*INSTRUCTIONS FOR THE TASK*: Starting at the line that contains "A fenced lodge" and stopping at the line that contains "ちなみに高負荷時のCPUの最高温度は51℃でした。さすがの水冷式ファンですね。", transcribe every line of the material below exactly; pictures stay out.

*RAW DATA*:
=-=-=

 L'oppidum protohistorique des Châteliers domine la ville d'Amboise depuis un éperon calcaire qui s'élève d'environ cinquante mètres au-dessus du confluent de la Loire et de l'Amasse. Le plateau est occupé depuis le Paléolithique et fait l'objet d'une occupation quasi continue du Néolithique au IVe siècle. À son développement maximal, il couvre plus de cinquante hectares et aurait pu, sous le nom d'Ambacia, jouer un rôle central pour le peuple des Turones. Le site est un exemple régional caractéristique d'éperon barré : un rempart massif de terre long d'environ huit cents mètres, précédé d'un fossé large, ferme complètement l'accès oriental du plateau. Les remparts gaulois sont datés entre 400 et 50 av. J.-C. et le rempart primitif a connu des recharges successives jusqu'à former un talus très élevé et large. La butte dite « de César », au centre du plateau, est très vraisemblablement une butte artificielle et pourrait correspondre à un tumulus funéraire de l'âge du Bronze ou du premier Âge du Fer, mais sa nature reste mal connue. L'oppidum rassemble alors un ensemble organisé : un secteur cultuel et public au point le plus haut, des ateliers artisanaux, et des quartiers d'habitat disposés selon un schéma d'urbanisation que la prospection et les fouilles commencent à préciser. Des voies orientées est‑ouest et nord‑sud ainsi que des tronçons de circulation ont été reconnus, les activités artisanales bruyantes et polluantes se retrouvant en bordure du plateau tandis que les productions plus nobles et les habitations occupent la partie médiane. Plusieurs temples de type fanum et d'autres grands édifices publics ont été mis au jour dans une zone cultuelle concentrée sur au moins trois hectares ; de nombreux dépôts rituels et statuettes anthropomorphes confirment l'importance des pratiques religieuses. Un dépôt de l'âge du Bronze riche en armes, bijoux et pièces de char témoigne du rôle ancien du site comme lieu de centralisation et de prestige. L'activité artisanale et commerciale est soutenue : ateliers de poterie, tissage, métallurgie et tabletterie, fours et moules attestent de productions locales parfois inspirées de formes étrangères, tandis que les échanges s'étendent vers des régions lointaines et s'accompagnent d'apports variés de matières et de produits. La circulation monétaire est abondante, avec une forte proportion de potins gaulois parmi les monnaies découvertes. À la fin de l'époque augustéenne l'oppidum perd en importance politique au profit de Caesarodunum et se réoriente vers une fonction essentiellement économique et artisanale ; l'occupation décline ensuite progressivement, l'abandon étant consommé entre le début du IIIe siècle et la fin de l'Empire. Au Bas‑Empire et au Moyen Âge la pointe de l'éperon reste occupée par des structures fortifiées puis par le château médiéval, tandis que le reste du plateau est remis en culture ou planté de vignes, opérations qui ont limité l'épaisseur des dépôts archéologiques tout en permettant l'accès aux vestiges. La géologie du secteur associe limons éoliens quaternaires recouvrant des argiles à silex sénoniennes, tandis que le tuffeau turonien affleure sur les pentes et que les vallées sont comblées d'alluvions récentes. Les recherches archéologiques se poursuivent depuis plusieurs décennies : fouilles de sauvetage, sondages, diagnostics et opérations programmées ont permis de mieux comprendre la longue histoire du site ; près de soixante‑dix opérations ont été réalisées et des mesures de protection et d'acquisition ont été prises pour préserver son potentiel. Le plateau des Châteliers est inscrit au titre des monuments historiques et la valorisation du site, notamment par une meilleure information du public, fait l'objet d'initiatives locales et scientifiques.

=-=-=

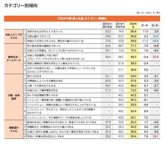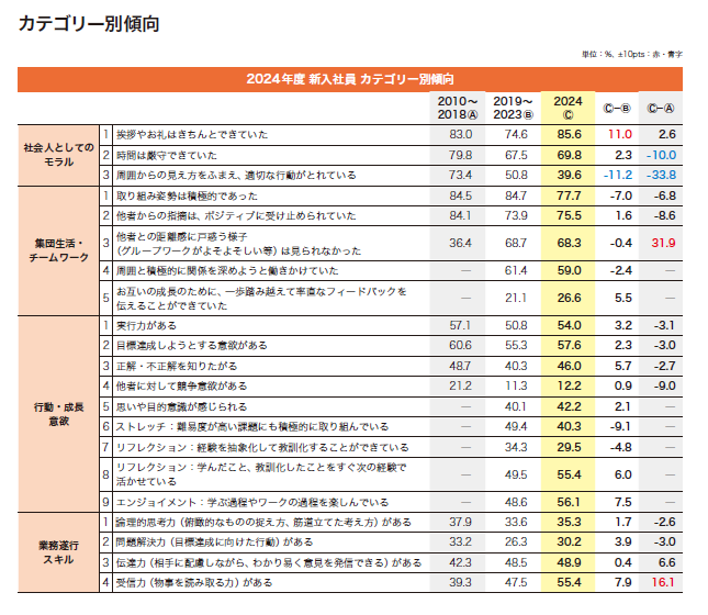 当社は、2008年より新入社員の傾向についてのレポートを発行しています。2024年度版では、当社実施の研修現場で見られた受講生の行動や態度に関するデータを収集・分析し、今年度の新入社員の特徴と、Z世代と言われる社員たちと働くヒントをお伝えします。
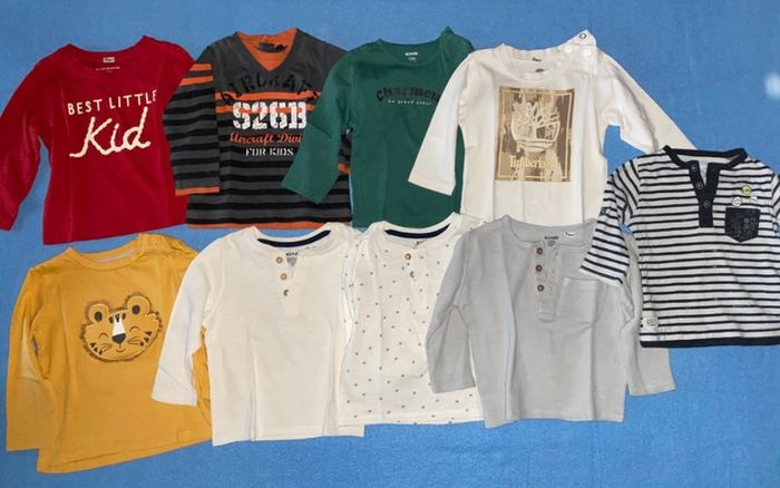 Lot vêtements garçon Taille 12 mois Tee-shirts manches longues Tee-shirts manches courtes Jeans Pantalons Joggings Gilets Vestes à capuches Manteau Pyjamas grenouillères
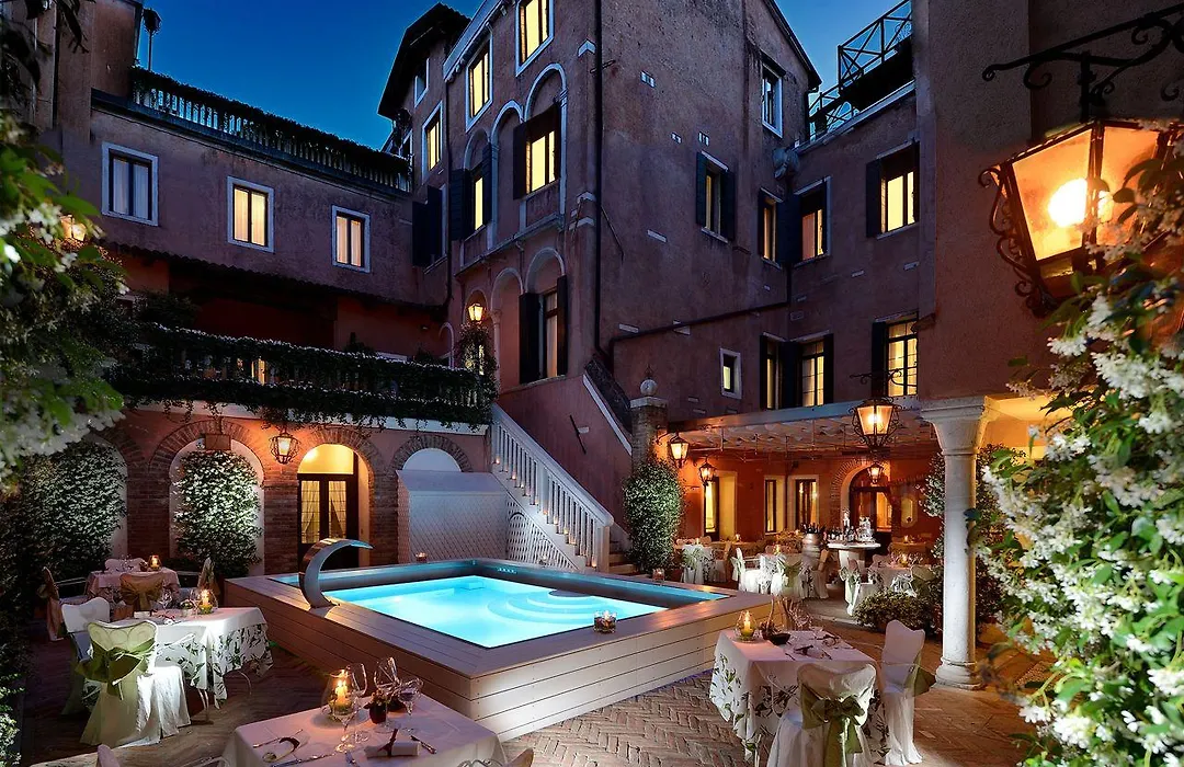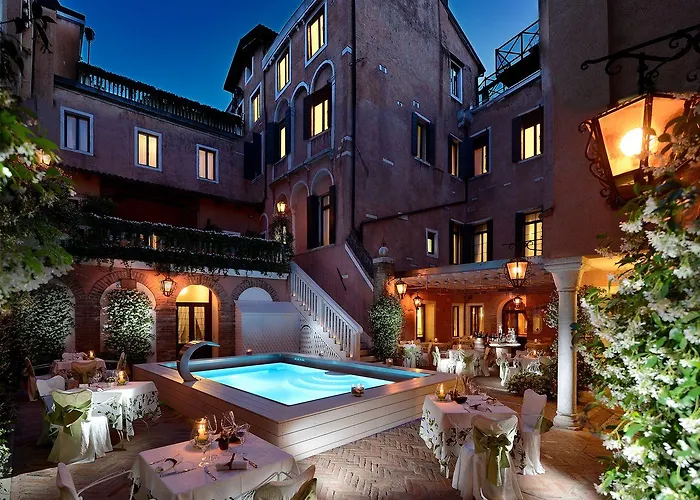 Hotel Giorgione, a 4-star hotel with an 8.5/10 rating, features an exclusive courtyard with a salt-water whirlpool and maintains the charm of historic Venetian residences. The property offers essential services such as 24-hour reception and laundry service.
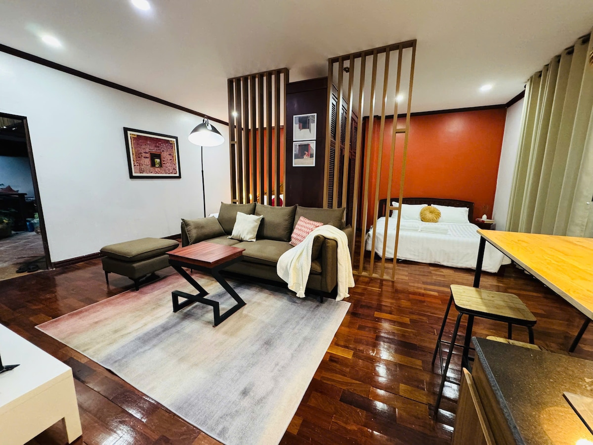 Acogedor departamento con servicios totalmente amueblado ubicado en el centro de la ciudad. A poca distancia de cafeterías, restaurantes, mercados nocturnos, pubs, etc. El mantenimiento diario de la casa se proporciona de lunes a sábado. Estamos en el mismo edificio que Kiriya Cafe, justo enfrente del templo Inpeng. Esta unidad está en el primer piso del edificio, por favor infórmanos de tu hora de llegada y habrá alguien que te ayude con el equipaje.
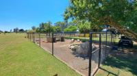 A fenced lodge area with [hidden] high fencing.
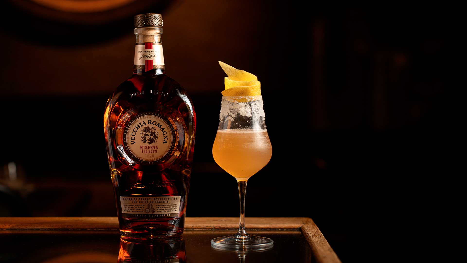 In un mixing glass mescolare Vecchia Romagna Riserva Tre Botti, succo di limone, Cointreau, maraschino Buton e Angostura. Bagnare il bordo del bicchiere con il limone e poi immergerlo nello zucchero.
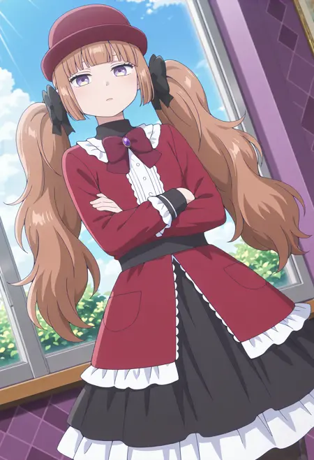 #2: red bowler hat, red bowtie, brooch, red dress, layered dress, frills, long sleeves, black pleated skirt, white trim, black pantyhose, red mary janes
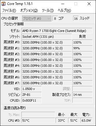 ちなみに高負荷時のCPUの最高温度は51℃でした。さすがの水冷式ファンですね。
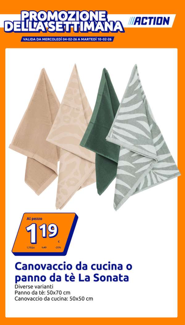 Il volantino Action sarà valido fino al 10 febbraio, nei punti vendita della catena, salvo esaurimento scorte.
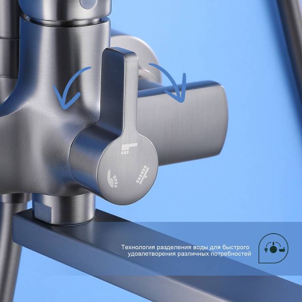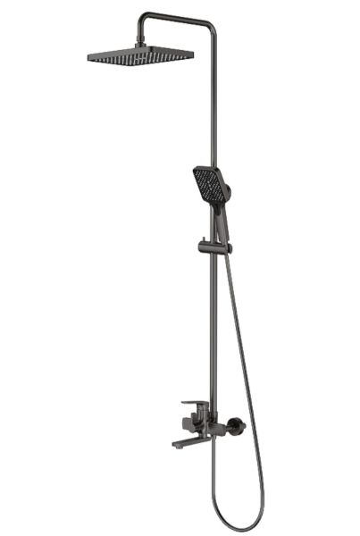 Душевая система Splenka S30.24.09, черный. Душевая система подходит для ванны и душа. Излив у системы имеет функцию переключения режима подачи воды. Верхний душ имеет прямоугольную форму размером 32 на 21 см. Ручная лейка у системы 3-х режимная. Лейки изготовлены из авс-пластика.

=-=-=

*EXPECTED ANSWER*:
 A fenced lodge area with [hidden] high fencing.
 In un mixing glass mescolare Vecchia Romagna Riserva Tre Botti, succo di limone, Cointreau, maraschino Buton e Angostura. Bagnare il bordo del bicchiere con il limone e poi immergerlo nello zucchero.
 #2: red bowler hat, red bowtie, brooch, red dress, layered dress, frills, long sleeves, black pleated skirt, white trim, black pantyhose, red mary janes
 ちなみに高負荷時のCPUの最高温度は51℃でした。さすがの水冷式ファンですね。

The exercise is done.